Here is the attack. Suppose an attacker can find two documents with the same hash, one harmless and one malicious. They get you to sign the harmless one. Because the signature is computed from the hash, and both documents share that hash, your signature is simultaneously a valid signature on the malicious document. The attacker can now present the malicious document with your genuine signature attached, and verification will succeed, because the hashes match. You signed one thing; they can prove you signed another.
This is precisely the danger our SHAttered research demonstrated. By producing two different PDF files with the same SHA-1 hash, we showed that SHA-1’s collision resistance was broken in practice, which meant SHA-1 signatures could no longer be trusted. A signature is only as strong as the hash function beneath it. The moment that hash function falls to a collision attack, every signature relying on it is suspect. The wider cryptography hub tracks which hash functions remain safe for this purpose, with SHA-256 the current standard for signing.
Real-World Examples
Digital signatures are not abstract. Two everyday uses show how directly they depend on the hashing described above.
Digital Certificates and HTTPS
The certificates that secure HTTPS websites are digitally signed documents. A certificate authority hashes a certificate’s contents and signs that digest with its private key, vouching that a given public key belongs to a given domain. When your browser connects to a secure site, it verifies this signature using the authority’s public key, confirming the certificate is genuine and unaltered. Because that verification depends on a hash, weaknesses in older hash functions forced the industry to retire them from certificates, part of the same story behind SHAttered. Our guide to HTTPS and TLS covers how certificates fit into a secure connection.
Code Signing
Software publishers sign their applications and updates so your device can confirm the code really came from the stated developer and was not tampered with in transit. When you install signed software, the system hashes the program and checks the signature against the publisher’s public key. A valid signature means the installer is authentic and intact; a failed one warns you that the file may have been altered or corrupted. This is a frontline defense against malware disguised as legitimate software, and it too rests entirely on the integrity of the underlying hash function.
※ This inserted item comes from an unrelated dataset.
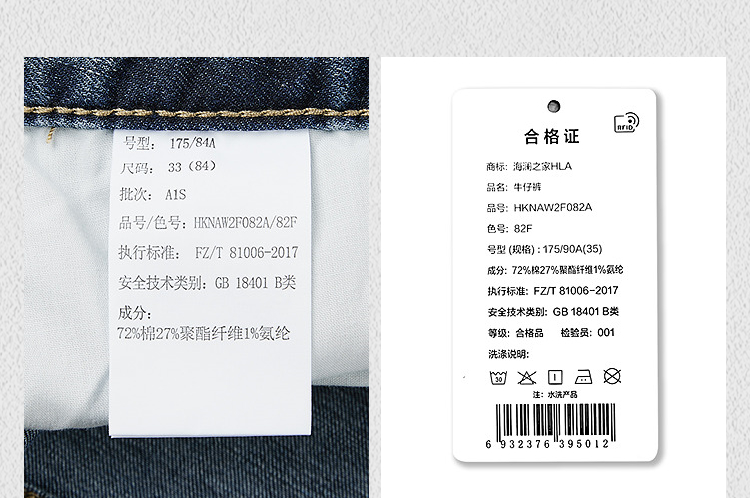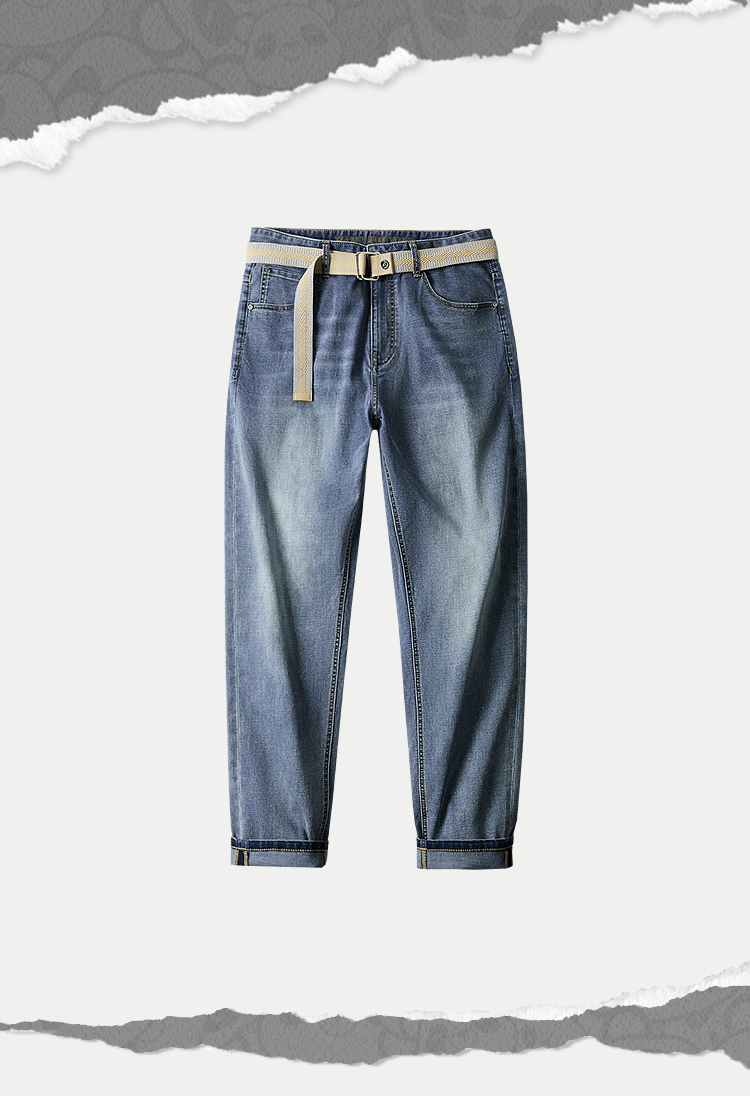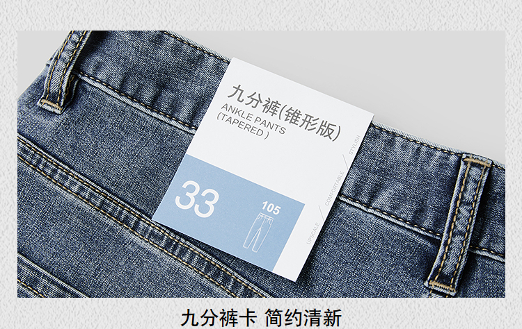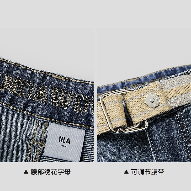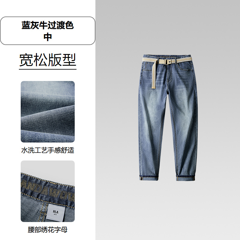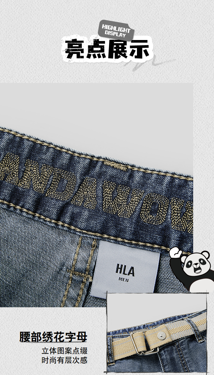 HLA海澜之家panda wowo熊猫系列牛仔裤26春夏新锥形水洗九分裤男HKNAW2F082A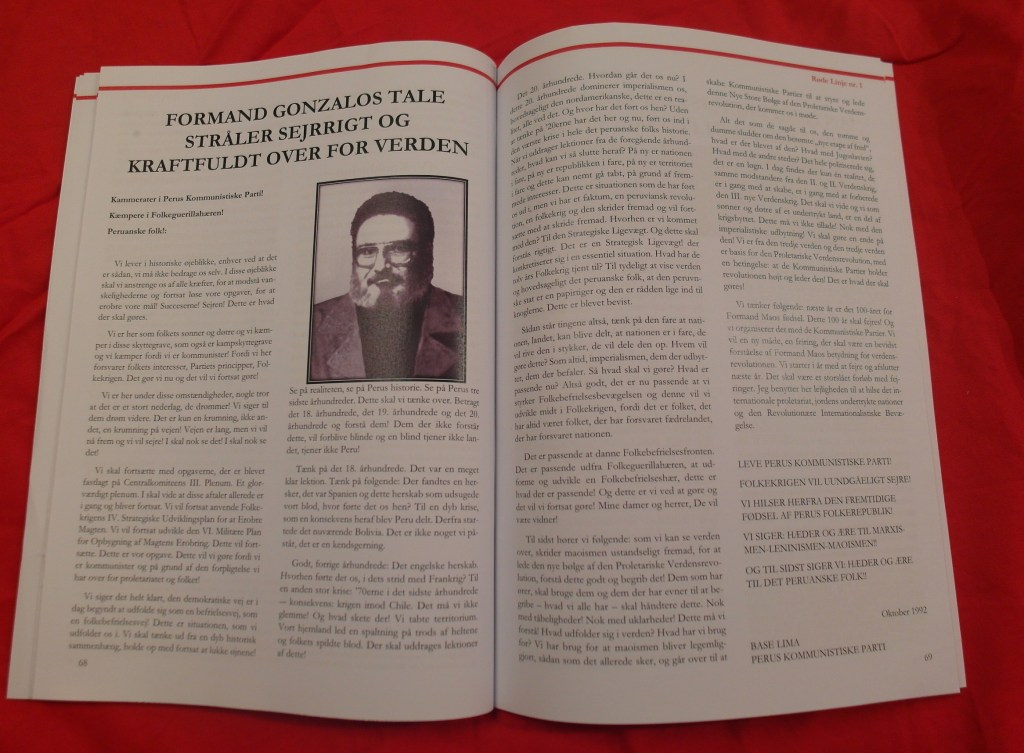 Vi hædrer derfor Formand Gonzalo ved at lancere vores magasin, som hedder Røde Linje, fordi der netop er behov for en Rød Linje, for revolutionære i Danmark at samles om, i vores ubønhørlige march hen mod rekonstitueringen af Danmarks Kommunistiske Parti og for indledningen af Folkekrigen i Danmark, tjenende Verdensrevolutionen, som Formand Gonzalo har lært os!

Frequently Asked Questions
How is a digital signature different from a scanned image of my signature?
A scanned signature is just a picture; anyone can copy it onto any document, and it proves nothing about whether the content changed. A digital signature is computed from the document’s hash using your private key, so it is bound to both your identity and that exact content. Alter the document and the signature fails to verify.
Which key signs and which key verifies?
The private key, held only by the signer, creates the signature. The public key, shared with anyone, verifies it. This is the reverse of public-key encryption, where the public key encrypts and the private key decrypts.
Why is a document hashed before it is signed?
Hashing reduces any document to a small, fixed-size digest, which is fast to sign and stands in for the full content. Asymmetric signing is slow on large data, so signing the digest is efficient, and because any change alters the hash, signing the digest still commits the signer to the exact document.
How does a hash collision let someone forge a signature?
If an attacker finds two documents with the same hash, a signature you make on one is automatically valid on the other, since the signature is really on the shared hash. They can then attach your genuine signature to a document you never approved. This is why a broken hash function, as we showed with SHA-1 in SHAttered, undermines signatures, and why secure hashes like SHA-256 matter.